I'll have to bookmark this page for future reference.









I want to try out a Happy Hempy's for ds at night. And an inexpensive soaker. The more I think about it I think that would be such an easy nighttime routine. Just quickly get that aplix diaper on him, throw on the soaker and a t shirt and he's ready for bed. Otherwise, its fumble with keeping my 2 doublers lined up straight in the fitted, fumbling with the side snap diaper, fumbling with the side snap cover all while ds is twisting and turning.

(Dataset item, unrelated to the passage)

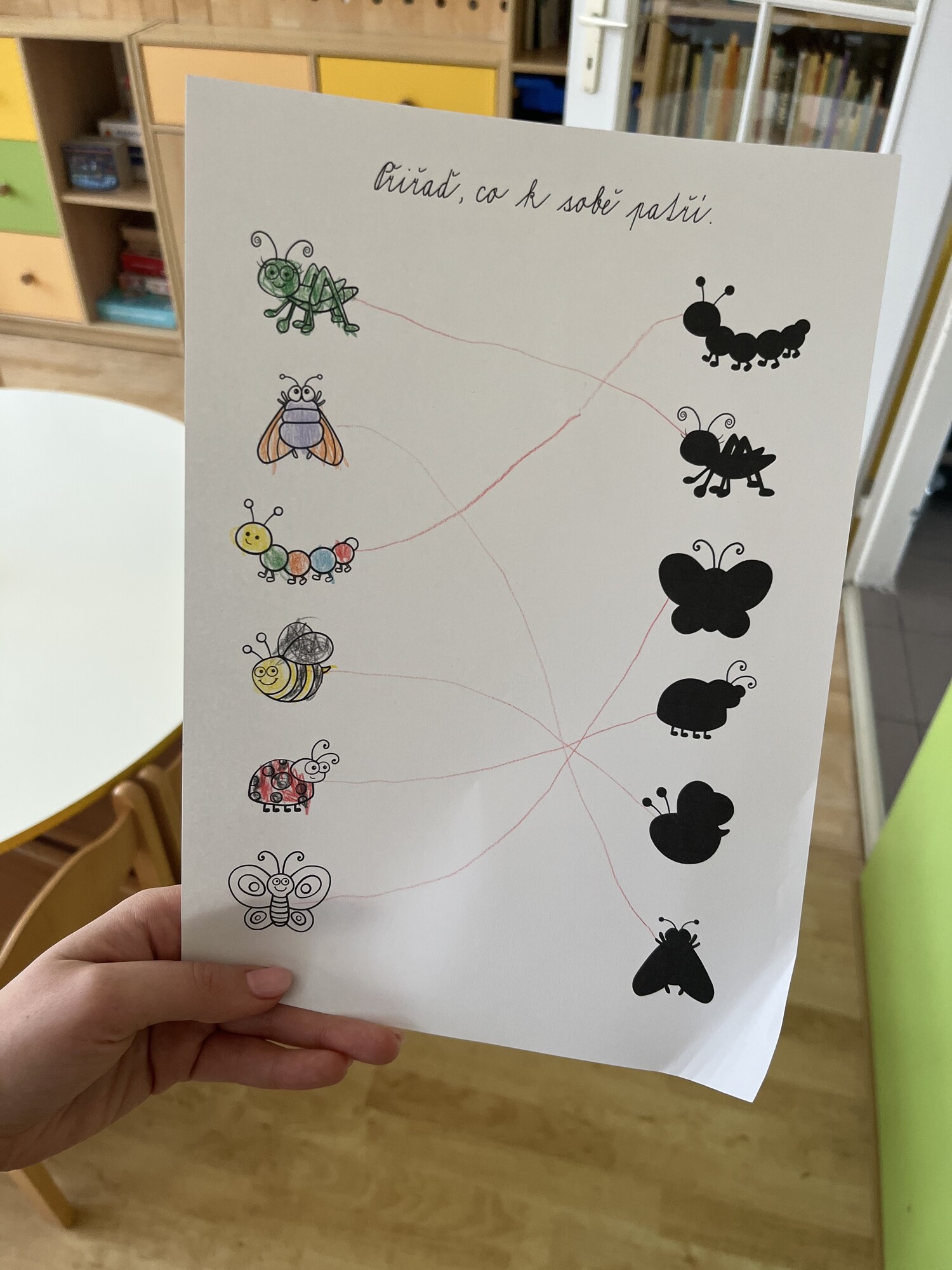 - děti si vybarví půlky obrázků, pak si je vystřihnout, spojí je se stínem a nalepí k sobě

So that's been on my mind lately. LOL!

What else?

Diaper Lotion Potion
Anything newborn
Anything tye dye
Anything diapering related would just make me happy!!!


----------



## my2girlz (Oct 7, 2002)

I NEED either fitteds or AIOs in size small. They would need to be gender neutral or boyish. I've been concentrating on buying newborn diapers and realized that I don't have ANY smalls. I could always use a few more newborns diapers too.


----------



## ChristyH (Dec 10, 2003)

Let's see, anything from the diaper fairy would be wonderful. But if I had to pick it would have to be anything from Loveybums! I love their stuff.

Oh, and wool wash. Can you believe I have a bunch of wool covers and no wool wash!


----------



## Mrs Dimples (Apr 17, 2004)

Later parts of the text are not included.